Patients may not address “end-of-life issues” because of stress and anxiety. In my experience, I have found that patients are often under more stress and anxiety when discussions about prognosis and goals of care have not occurred. People approach a cancer diagnosis and treatment differently, influenced by their personalities, life experiences, education as well as personal and spiritual beliefs. It is important to first understand how a patient is coping with and understanding their illness and prognosis. Stress and anxiety often arise from misunderstanding and/or fear about the underlying illness. If this is the case, starting a dialogue with the patient, to clarify misconceptions and openly address patient and family fears, will help to dissipate stress and anxiety and allow an open discourse about prognosis and patient wishes for care at the end of life.

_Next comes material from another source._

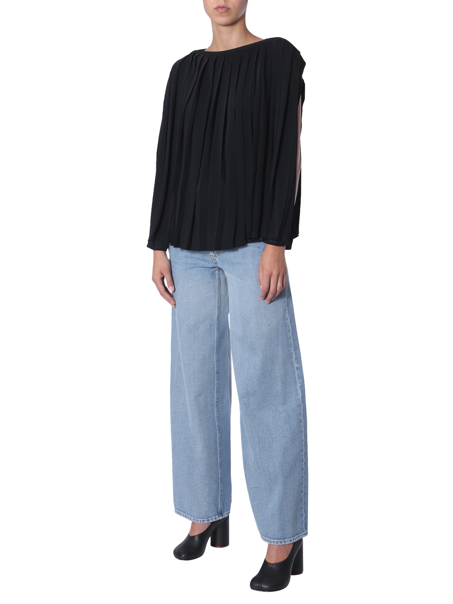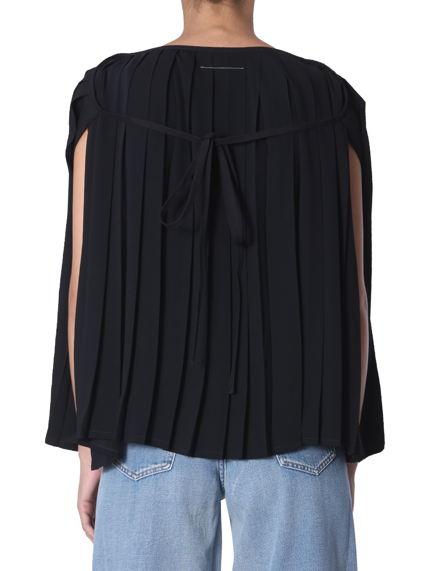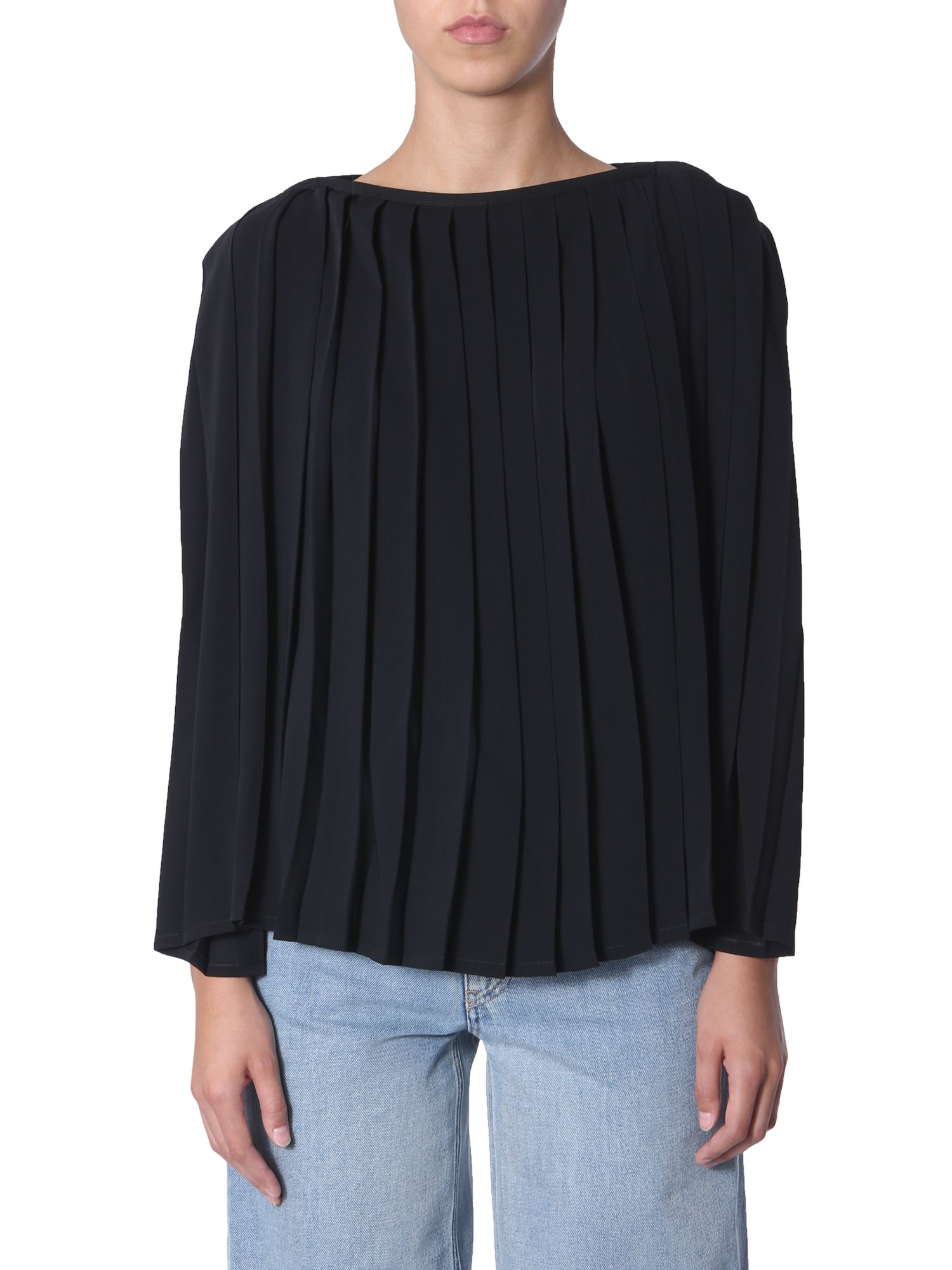 Be a trendsetter when it comes to styling with this pleated top from MM6 Maison Margiela. It has a boat neckline with a pleated surface that makes it different from other apparels. Made of 100% polyester, the top is soft and easily wicks away sweat. Style it with a pair of blue denim and ballerinas for a complete look.

It is very common for a family to be faced with making difficult decisions about end of life care. The palliative care service can be helpful in this situation. Palliative care services are experts at being sure the right medications are being used to provide comfort and awareness, coordinating family meetings, and discussing prognosis. They can also assist in weighing the benefits or risks of a life supporting therapy such as going on a ventilator or dialysis. Having an advanced directive that designates a surrogate decision maker is important but many do not have one when a crisis occurs.
member813 (Friend) voted for answer by AllanRamsayMD (Physician - Internal Medicine (Verified))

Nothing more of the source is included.